Abstract
Background: Carpal tunnel syndrome (CTS) is a common occupational pathology, representing a high percentage of workers’ compensation (WC) claims. Methods: The literature was reviewed for all studies evaluating CTS outcomes including WC patients between 1993 and 2016. A total of 348 articles were identified; 25 of which met inclusion and exclusion criteria. A systematic review was generated; patient demographics, outcomes, and complications were recorded. Weighted averages were calculated for the demographic and outcome data. Categorical data such as complications were pooled from the studies and used to determine the overall complication rate. Statistical significance was determined between WC and non-WC cohorts when applicable with the chi-square statistic. Results: The WC cohort included 1586 wrists, and the non-WC cohort included 2781 wrists. The WC cohort was younger and more often involved the dominant extremity. The WC cohort was less likely to have appropriate physical exam findings confirming diagnosis and electrodiagnostic studies. WC patients took almost 5 weeks longer to return to work, were 16% less likely to return to preinjury vocation, and had lower Standard Form (SF)-36 scores. Finally, WC patients had nearly 3 times the number of complications and nearly twice the rate of persistent pain. Conclusions: WC patients undergoing carpal tunnel release (CTR) fare poorly as compared with non-WC patients in nearly every metric. Higher rates of postoperative pain with delayed return to work can be anticipated in a WC cohort. In addition, WC patients receive suboptimal preoperative workup, and it is possible that unnecessary surgery is being completed in these cases. These findings are important to consider when treating the WC patient with CTS.
Keywords: carpal tunnel syndrome, carpal tunnel release, workers’ compensation, disability
Introduction
Carpal tunnel syndrome (CTS) is the most common compressive neuropathy of the upper extremity and most common occupational injury to the hand, with a prevalence of 50 cases per 1000 patients per year.2,9 Up to 50% of the cases of CTS are work related, and as such, a substantial portion of CTS cases are treated under workers’ compensation (WC) coverage.6,10 Unfortunately, there are several factors that make WC patients less likely to benefit from treatment. WC patients are more poorly educated, are more likely to be in a union, are less likely to be married, are younger, have lower expectations from treatment, and have both lower preoperative and postoperative outcome scores following surgery as compared with non-WC patients.19,21,22
Specifically, those receiving WC for CTS do even worse than those receiving WC from other workplace injuries. In a study of patients receiving WC from Washington State, the CTS population had 3 times the amount of work loss as compared with the fracture cohort.
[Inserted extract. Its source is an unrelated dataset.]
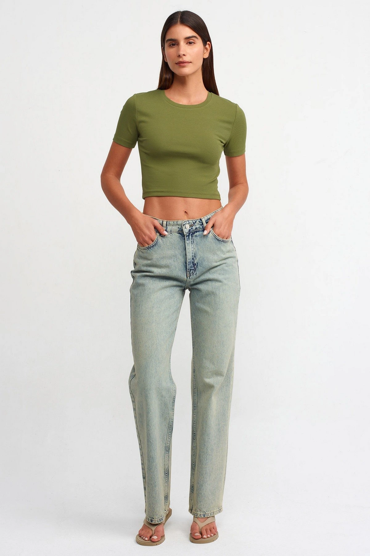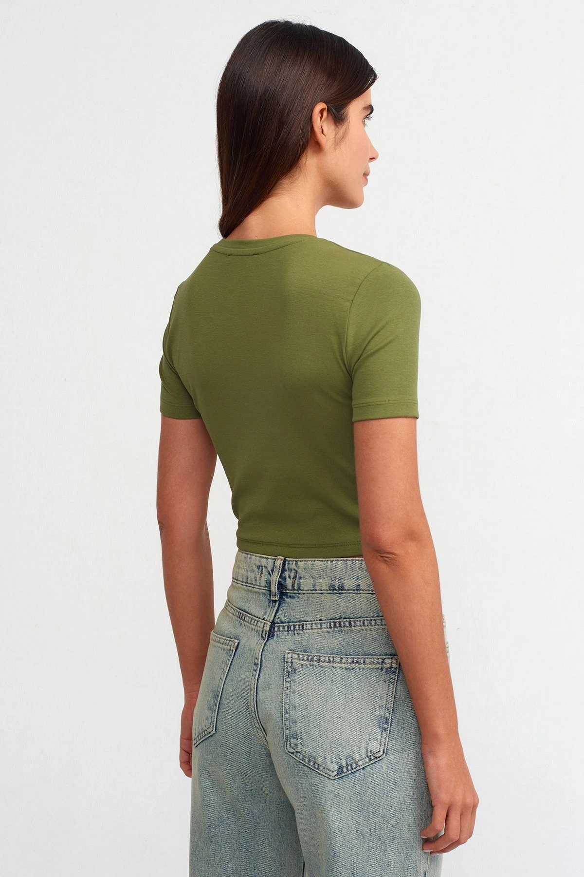 BİSİKLET YAKA CROP PAMUK LİKRALI TİŞÖRT – HAKİ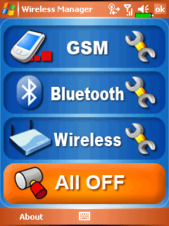 Правее и ниже на экране Today расположены три ярлыка важных настроек коммуникатора. Первый из них — переключатель профилей устройства, например «в офисе», «на улице», «тихий режим» и т.п. Каждый из режимов можно редактировать по собственному усмотрению. Второй ярлык — утилита, отвечающая за так называемый «черный список» абонентов, звонки от которых нежелательны. В случае такого звонка коммуникатор сам сбросит вызов. Третий ярлык — Wireless Manager — центр управления всеми беспроводными интерфейсами коммуникатора.

In addition, the CTS cohort had earnings losses estimated as high as $382 million, or $89,000 per worker, over the study period.15
Small individual studies have determined that the WC CTS cohort is at a higher risk to do poorly with treatment and represents an enormous cost in lost work and wages and increased healthcare expenditures. Despite these factors, there is not a large analysis which directly compares the WC with non-WC patients in the treatment of CTS. We present a systematic review of CTS to compare demographics and outcomes to compare WC with non-WC patients.
Methods
Literature Search
A systematic review of the literature was performed. We used PubMed to search all years through April 2016 with combinations of search terms: “carpal tunnel syndrome” and “workers’ compensation.” Four independent reviewers assessed methodology and quality of each study. We extracted homogeneous data from studies which met the inclusion/exclusion criteria and generated frequency-weighted means.1,3-5,7,8,12,14,18,20,23,25-28,31,33,36-38,40-42,46 A systematic review was performed when data were sufficiently homogeneous according to the Preferred Reporting Items for Systematic Reviews and Meta-analyses (PRISMA) guidelines.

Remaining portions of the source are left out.